> INSTRUCTIONS FOR THE TASK
Leave the pictures out and return every line below exactly.

> COLLECTED MATERIAL
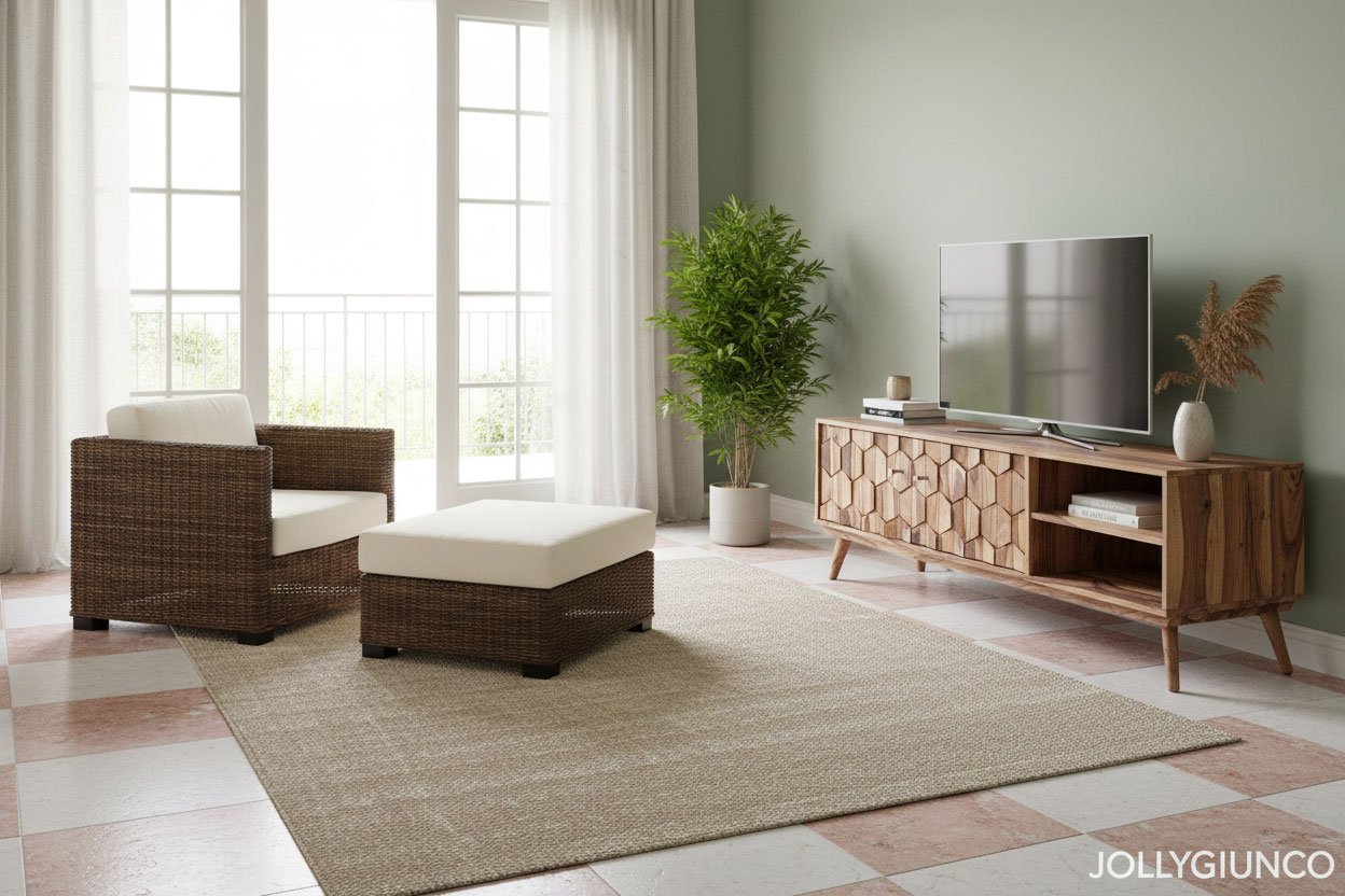 Pouf in Rattan con telaio in legno, intrecciato in croco o giunco naturale da 6mm. Finitura trasparente opaca.
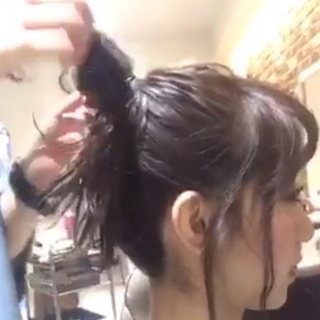 ヘアアイロンを使って、前髪を少しずつ強めに巻いていきます。
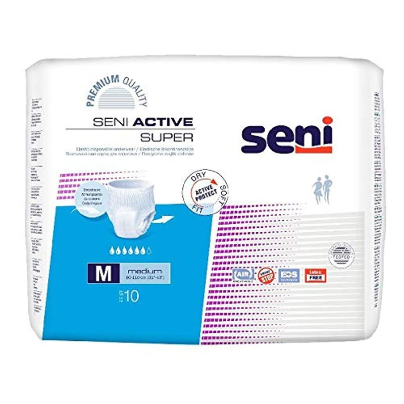 Seni Active Super Incontinence Briefs Disposable M, Pack of 10, White

> OUTPUT BELOW
 Pouf in Rattan con telaio in legno, intrecciato in croco o giunco naturale da 6mm. Finitura trasparente opaca.
 ヘアアイロンを使って、前髪を少しずつ強めに巻いていきます。
 Seni Active Super Incontinence Briefs Disposable M, Pack of 10, White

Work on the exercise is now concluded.